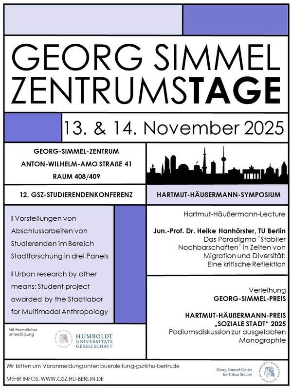 Georg Simmel Days including the 12th Student Conference and the awarding of the Hartmut Häußermann Prize. Further information about the program can be found here.
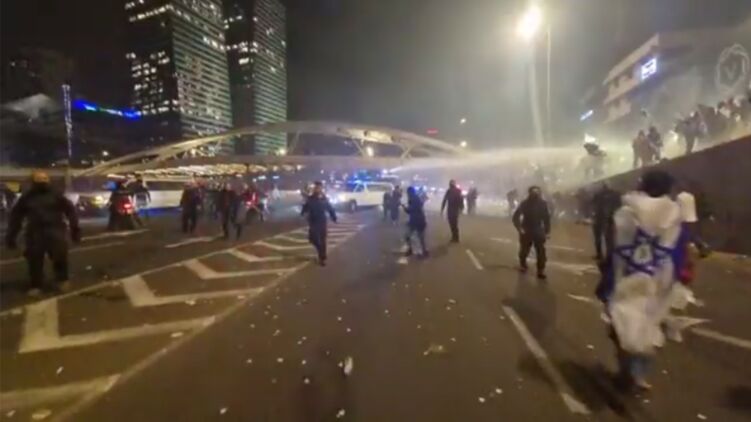 Толпу разгоняют водометами. В Тель-Авиве протестуют и после остановки судебной реформы. Видео
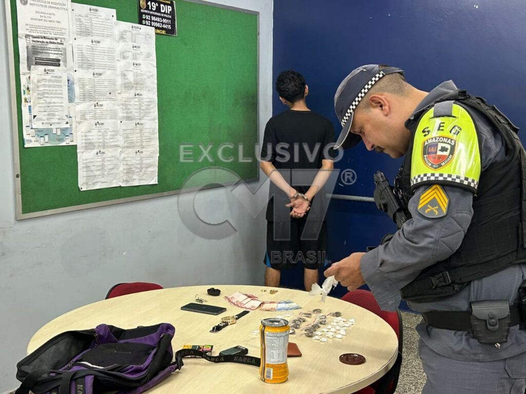 Manaus – Na tarde desta terça-feira (1°), a Polícia Militar do Amazonas (PMAM) recebeu denúncias da população do bairro Cidadão 10, na Zona Norte da capital amazonense, sobre um jovem que estaria circulando com uma lata de achocolatado, comercializando entorpecentes.
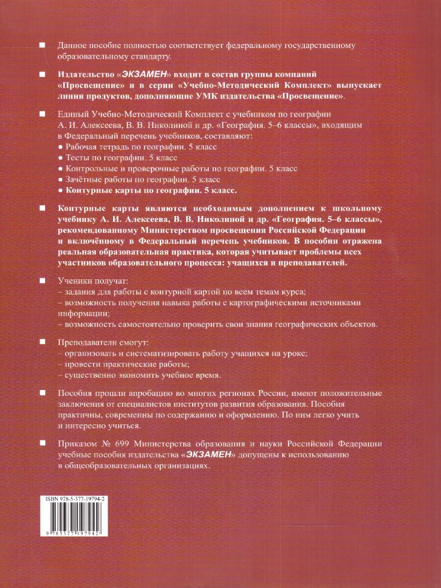 Данное пособие полностью соответствует Федеральному государственному образовательному стандарту. Контурные карты являются необходимым дополнением к школьному учебнику А. И, Алексеева, В. В. Николиной и др. "География. 5-6 классы", рекомендованному Министерством просвещения Российской Федерации и включенному в Федеральный перечень учебников. В пособии отражена реальная образовательная практика, которая учитывает проблемы всех участников образовательного процесса: учащихся и преподавателей.
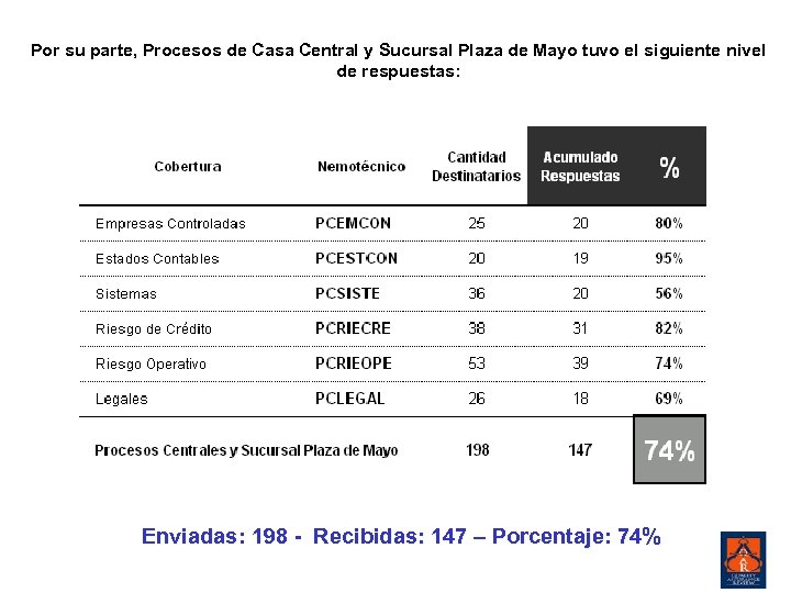Por su parte, Procesos de Casa Central y Sucursal Plaza de Mayo tuvo el siguiente nivel de respuestas: Enviadas: 198 - Recibidas: 147 – Porcentaje: 74%
■ ■ ■ ■
◆ **GOAL OF THE EXERCISE**
Your task is to repeat the material above exactly, without its pictures.

◆ **ANSWER TO THIS PROBLEM**
 Georg Simmel Days including the 12th Student Conference and the awarding of the Hartmut Häußermann Prize. Further information about the program can be found here.
 Толпу разгоняют водометами. В Тель-Авиве протестуют и после остановки судебной реформы. Видео
 Manaus – Na tarde desta terça-feira (1°), a Polícia Militar do Amazonas (PMAM) recebeu denúncias da população do bairro Cidadão 10, na Zona Norte da capital amazonense, sobre um jovem que estaria circulando com uma lata de achocolatado, comercializando entorpecentes.
 Данное пособие полностью соответствует Федеральному государственному образовательному стандарту. Контурные карты являются необходимым дополнением к школьному учебнику А. И, Алексеева, В. В. Николиной и др. "География. 5-6 классы", рекомендованному Министерством просвещения Российской Федерации и включенному в Федеральный перечень учебников. В пособии отражена реальная образовательная практика, которая учитывает проблемы всех участников образовательного процесса: учащихся и преподавателей.
Por su parte, Procesos de Casa Central y Sucursal Plaza de Mayo tuvo el siguiente nivel de respuestas: Enviadas: 198 - Recibidas: 147 – Porcentaje: 74%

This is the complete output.